While using rank-ordered data results in a simple form of quantile mapping, the quantile map between WRF and GHCND station data is modeled with a linear regression line. EQM is more flexible, as first, quantiles of observed and station data are estimated, and then the quantile map is approximated via linear or spline interpolation (Gudmundsson 2016). It is important to note that if OLS assumptions (linearity, homoscedasticity of residual errors, and independence of observations) are not met, the OLS estimates are no longer BLUE.

The first step for methods LT_grid, LTQM_grid_V, and LTQM_grid_C was identical: daily WRF simulations were interpolated to the fine-scale grid using IDW (or topographic downscaling). Daily WRF simulations were also interpolated to GHCND station locations, where LT functions were formulated [see Eq. (2)].

For all three methods (LTQM_grid_C, LTQM_grid_V, LT_grid), LT functions were constructed by regressing large-scale predictor variables (WRF data) on small-scale predictands (GHCND station data) at each GHCND station location. Separate LT functions were constructed for each month. The estimated regression parameters at each GHCND station location (slope and intercept coefficients) were kriged to the fine-scale grid, and interpolated WRF simulations on the fine-scale grid were bias corrected with the corresponding kriged regression parameters grid cell by grid cell. Therefore, the term “grid” in all three methods refers to bias correction taking place at the fine-scale grid center points, rather than station locations.

The LT function for LT_grid was a simple linear regression in which WRF interpolations at GHCND stations were predictor variables, and GHCND station data were the predictands [see Eq. (2)]. Data were sorted in temporal order. Twelve LT functions (one for each month) were constructed at each GHCND station location:
TMAXstation,i,m=β0,i,m+β1,i,m×WRFIDW,i,m.

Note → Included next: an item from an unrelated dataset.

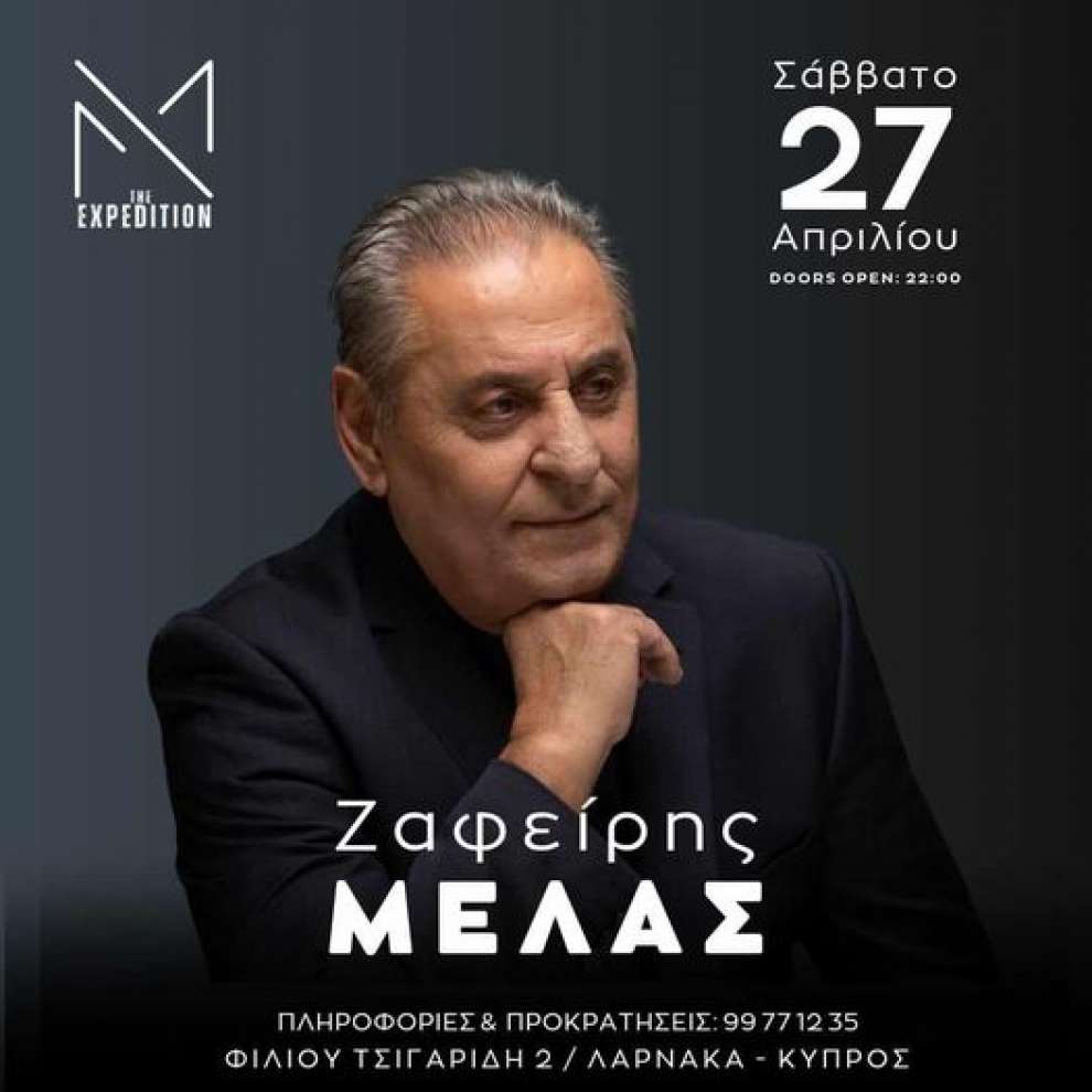 Ο άρχοντας του λαϊκού τραγουδιού ΖΑΦΕΙΡΗΣ ΜΕΛΑΣ με την ιδιαίτερη χροιά και την «γεμάτη» φωνή έρχεται να ταράξει την νυχτερινή διασκέδαση της Λάρνακας, το Σάββατο 27 Απριλίου 2024 στις Moyses The Expedition!

In Eq. (2), TMAXstation,i,m is daily TMAX for GHCND station location i in month m, β0,i,m is the intercept for GHCND station location i in month m, β1,i,m is the slope for GHCND station location i in month m, and WRFIDW,i,m represents daily interpolated WRF values at GHCND station location i in month m. Monthly parameter estimates of slopes and intercepts at each GHCND station location were kriged to the fine-scale grid with ordinary Bayesian kriging.

Empirical variograms of estimated monthly slope and intercept parameters showed some degree of spatial autocorrelation, although the association was stronger in cold-season months than in warm-season months. The exponential covariance function was used for all Bayesian kriging models. Based on the inspection of empirical variograms, we used noninformative prior distributions for the intercept β0, partial sill σ2, and nugget τ2, and an informative prior for the effective range ϕ:
β0~N(0,100),
ϕ~Unif(3Dmax,310),
σ2~InvGamma(2,2),and
τ2~InvGamma(2,0.02).
Here, Dmax is the maximum distance between any two GHCND station locations (full details on Bayesian modeling are described in section 1 of the online supplemental material). Bayesian kriging is preferable to non-Bayesian kriging when data are sparse, and there is some degree of uncertainty surrounding estimates of covariance function parameters (Pilz and Spöck 2008). Last, interpolated WRF simulations on the fine-scale grid were bias corrected grid cell by grid cell, using the corresponding kriged slope and intercept parameter estimates:
TMAXi,m*=β˜0,i,m+β˜1,i,m×WRF1kminterp,i,m.

In Eq. (3), TMAXi,m* is the bias-corrected, fine-scale WRF value for grid cell i in month m, β˜0,i,m is the kriged prediction for the intercept of grid cell i in month m, β˜1,i,m is the kriged slope parameter estimate at fine-scale grid cell i in month m, and WRF1km−interp,i,m is the interpolated WRF value at the center of fine-scale grid cell i in month m.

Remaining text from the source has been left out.